Could anyone help?

[linkj6]

I have no idea what to do in this subject. My professor hasn't really explained anything to us and the book is less than helpful. A question I need help on says:

"Determine by inspection at least one solution of the given differential equation. That is, use your knowledge of derivatives to make an intelligent guess. Then test your hypothesis."
Then it gives me this equation: (y')^2 + y^2 = 1

I have no clue what this is called or where to begin. Even if I did know where to start I'm not really sure what I'm looking for (a solution but that's as vague as it gets). Also, if anyone knows of some really good references that explain how to do anything and everything with differential equations please let me know. Any help would be greatly appreciated.

 

[mmm4444bot]

(y')^2 + y^2 = 1

I have no clue what this is called or where to begin. Even if I did know where to start I'm not really sure what I'm looking for.

That's called a differential equation because it contains a derivative.

You're familiar with functions, yes? The given equation contains two functions, and they are added together.

y` is one function.

y is another function.

It's no different than writing: f`(x)^2 + f(x)^2 = 1.

Yet, it's standard to use the name y instead of f, when writing differential equations.

Also, the notion that y is a function of x is implied. In other words, the symbol y means y(x), and the symbol y` means y`(x). We leave off the independent variable to simplify the notation, and just write y and y`.

So, you are looking for a function y(x) = some expression.

But, to be a solution of this differential equation, function y must lead to a sum of 1 when its square is added to the square of its first derivative.

y^2 + (y`)^2 = 1

Here are some hints:

What is the first derivative of any constant function?

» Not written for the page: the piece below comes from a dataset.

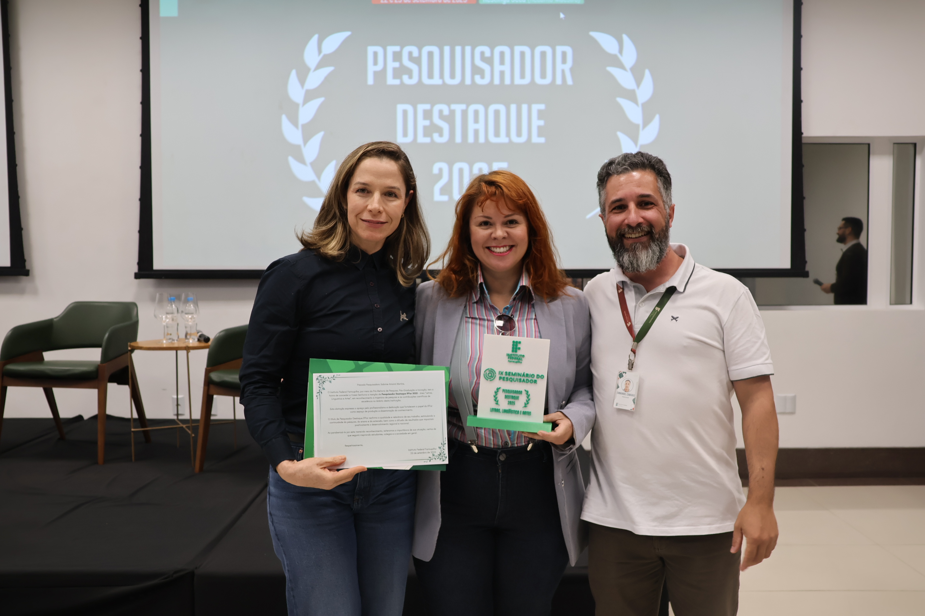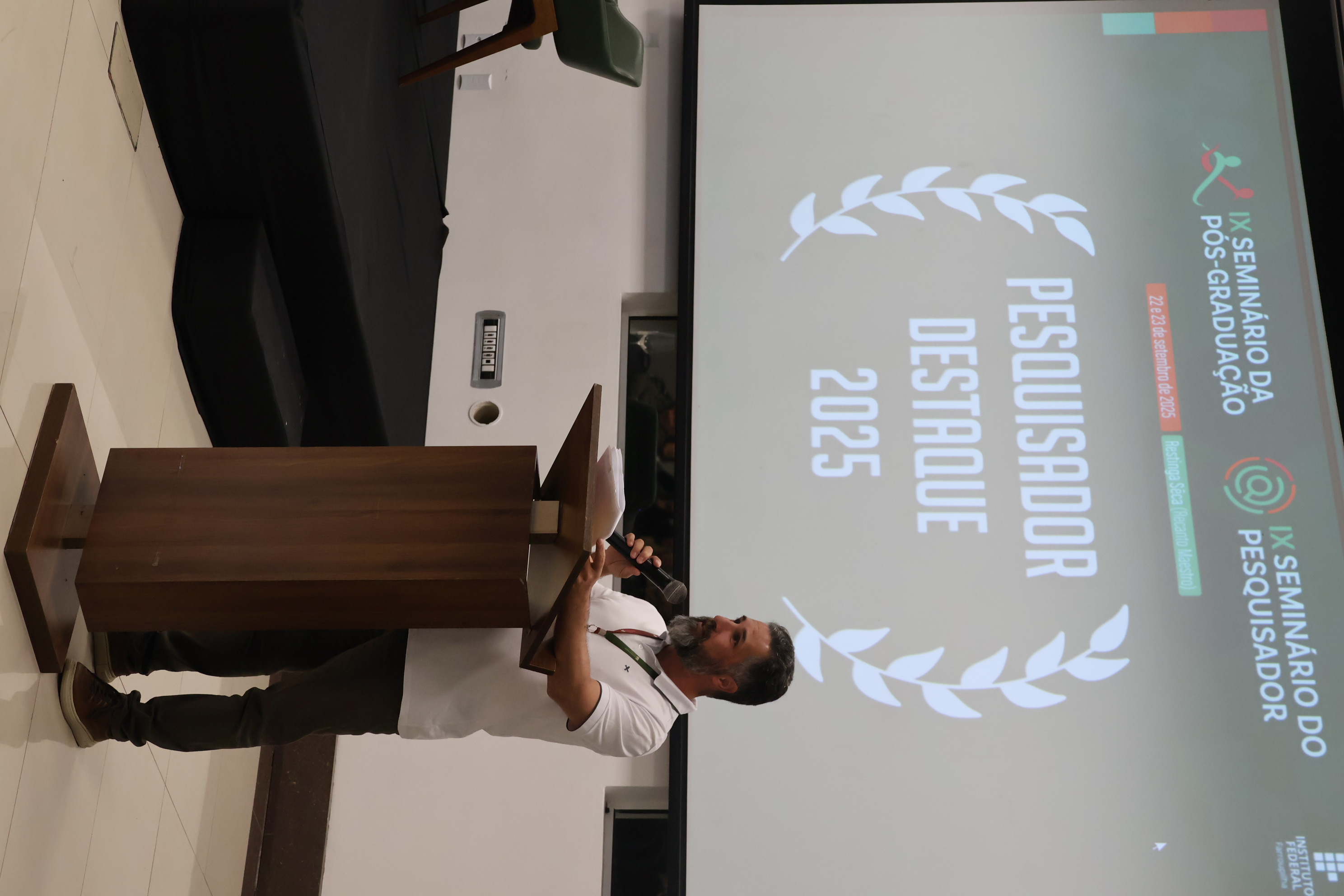 O IFFar celebrou, na tarde do dia 23 de setembro, a primeira edição do Prêmio Pesquisador Destaque, durante a programação conjunta do IX Seminário do Pesquisador e do IX Seminário da Pós-Graduação, no Recanto Maestro, em Restinga Sêca. A premiação, criada neste ano pela Pró-Reitoria de Pesquisa, Pós-Graduação e Inovação (PRPPGI) em parceria com a Coordenação de Pesquisa, nasceu para dar visibilidade ao trabalho de docentes e técnicos que fortalecem a produção científica da instituição.

Does that answer give you any clues about what the value of y^2 must be, in the differential equation, in order for the sum to be 1?

Here's a BIG hint for a different approach.

In trigonometry, there is a well-known identity that involves a sum of squares that always equals 1. And the sine and cosine functions just happen to be derivatives of each other, if we ignore sign changes. But everything's positive when squared, right? So, the signs don't matter.

The given instruction stipulates "Determine by inspection". In mathematics, that phrase generally means doing it in your head, or somehow recognizing the solution with little to no paperwork, based on prior knowledge.

If it's true that you really don't know about any of this stuff (i.e., the prerequisite material required for understanding these concepts), then there is little chance that you'll be able to do anything by inspection.

 

[linkj6]

I think I understand this one. There are two answers correct? sine and cosine?

 

[mmm4444bot]

There are two answers correct? sine and cosine?

There are many possible answers, in this exercise.

You can write as many of these answers as you like, but you're only required to write one answer because they stated "at least one solution".

By "inspection", I see two constant functions y(x) that are solutions to the given differential equation.

I also see an infinite number of trigonometric functions y(x) that each involve either the sine function or the cosine function. (There are infinite solutions of this type because sine and cosine are periodic. In other words, adding an arbitrary multiple of Pi to the independent variable doesn't alter these functions' output.)

Your answer needs to be in the form of a function definition: y(x) = some expression.

Simply writing either of the nouns "sine" or "cosine" is not good enough.

ALSO, you're required to "test your hypothesis".

In other words, after you decide on a function definition for y(x), you need to show that it solves the differential equation.

 

[linkj6]

Ok. I think I understand. Thanks for the help.

I have another question. It looks like a different type of problem and I'm a little lost. It's:

Verify that y(x) = e^(x^2) * integral from 0 to x (e^(-t^2)dt)
is a solution to dy/dx = 2xy + 1

I'm not sure how to go about doing this. Any help would be appreciated.
Also, sorry if I shouldn't be posting two questions in the same thread. I figured I save one extra topic from being posted.

 

[mmm4444bot]

sorry if I shouldn't be posting two questions in the same thread. I figured I save one extra topic from being posted.

I'm confident that nobody really cares how many new topics are posted at this site.

I'm not able to help you with your second exercise.

Other people may not see it "buried" at the end of this thread, so my suggestion is to repost it by starting a new topic.

Also, here's one possible solution to your first exercise.

y(x) = 1

 

[Deleted member 4993]

Ok. I think I understand. Thanks for the help.

I have another question. It looks like a different type of problem and I'm a little lost. It's:

Verify that y(x) = e^(x^2) * integral from 0 to x (e^(-t^2)dt) <<< Start with finding [sub:iio2l3yq]\(\displaystyle \frac{dy}{dx}\)[/sub:iio2l3yq]
is a solution to dy/dx = 2xy + 1

I'm not sure how to go about doing this. Any help would be appreciated.
Also, sorry if I shouldn't be posting two questions in the same thread. I figured I save one extra topic from being posted.